Erik Blegvad, illustrator, March 3, 1923 – January 14, 2014.
Erik Blegvad, who has died aged 90, illustrated over a hundred children’s books. Born in Copenhagen in 1923, he spent time as a child with his grandfather, who told him the folk and fairy tales which formed the basis of his visual imagination for the rest of his life. In 1941, tall, red-headed and soon to sport his distinctive handlebar moustache, he enrolled at Copenhagen’s School of Applied Arts where he met his life-long friend Niels Mogens Bodecker, later a celebrated illustrator and poet.
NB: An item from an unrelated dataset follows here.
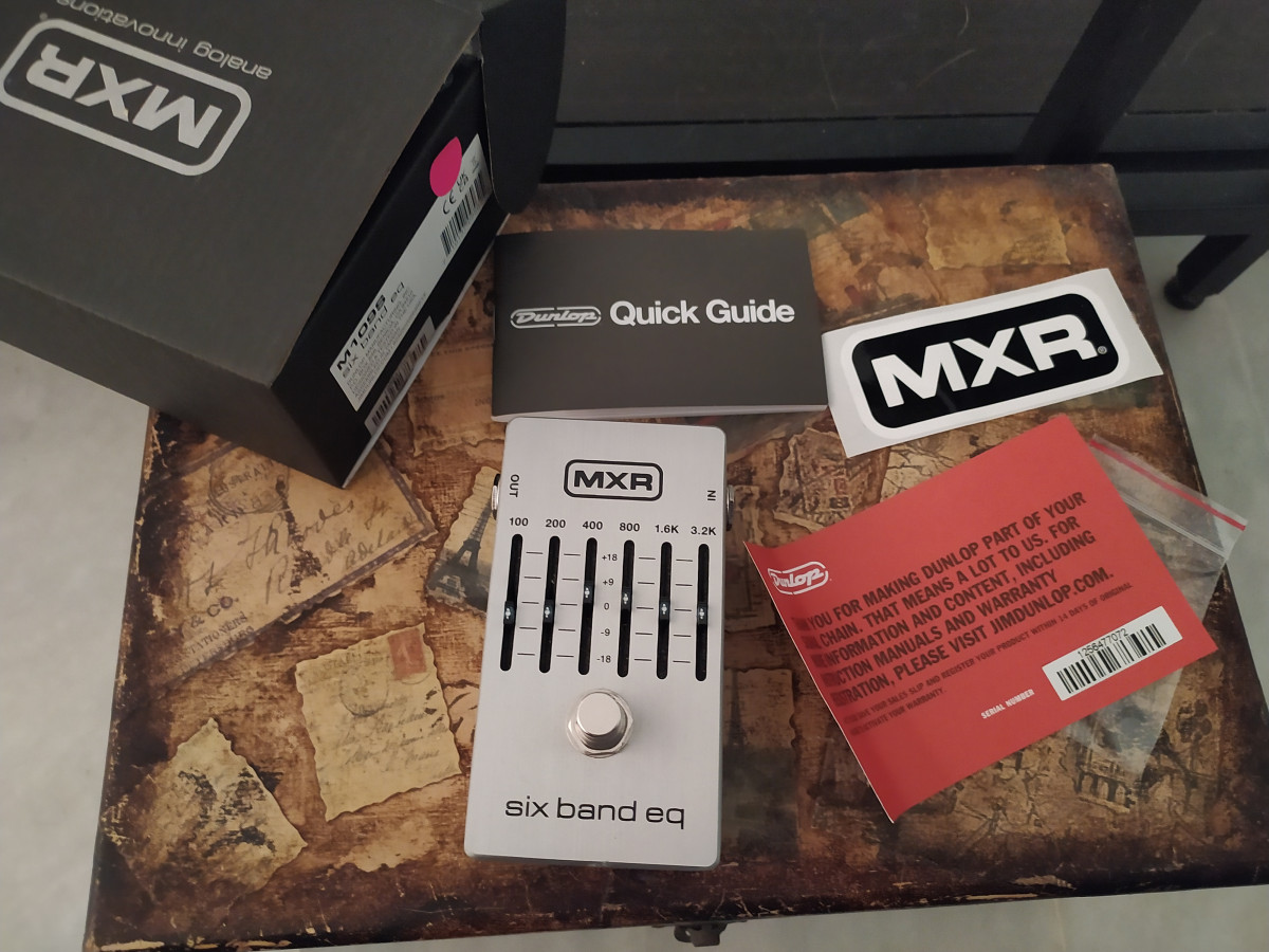 El ecualizador de 6 bandas de MXR es un complemento ideal para cualquier pedalera. Permite moldear el sonido total con bastante sensibilidad, Yo lo he usado, sobre todo, para retocar un poco el sonido de algún pedal de overdrive al que quería rebajarle medios-agudos. Añade una leve compresión que hace que también sea útil sobre limpio con los 6 controles planos. Cero ruidos. Comprado en tienda el pasado diciembre, así que está completamente nuevo. Lleva velcro en la trasera.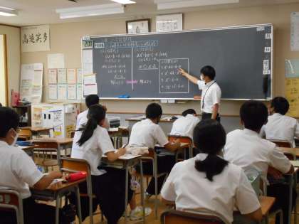 数学の授業では、2次の項を含む方程式について勉強しているクラスもありました。

Moving to America in 1952, he started illustrating children’s books, drawing on meticulous draughtsmanship informed by an impish sense of humour. Still mostly working in pen and ink sometimes washed over with water colours, he illustrated the American publication in 1957 of Mary Norton’s classic story Bedknobs and Broomsticks. Next year he translated and illustrated Hans Andersen’s story The Swineherd and did the same with Andersen’s Twelve Tales in 1993, writing in his introduction that ‘if the English in these translations sounds old-fashioned, well, so does the original Danish.’ In 1961 he illustrated Marjorie Winslow’s Mud Pies and Other Recipes, reprinted in 2010 by the New York Review of Books in their Children’s Classics series. There was also work on children’s books written by his American wife Lenore Hochman. One of these, This Little Pig-a-Wig and other Rhymes about Pigs (1978) was chosen by the New York Times as one of the best illustrated books of the year.
In 1966 he and his family of two sons moved to London. Many more illustrations followed. It was only much later, when his type of exquisitely detailed art-work began to go out of fashion, that commissions began to dry up. In his charming illustrated autobiography Self-Portrait (1979) he describes how ‘when my lucky side is working I find myself concentrated at the tip of my pen, which to my delight proceeds to create people, objects and worlds I never knew existed.’ Readers looking back will remember how well he used to spread this sense of delight to them too.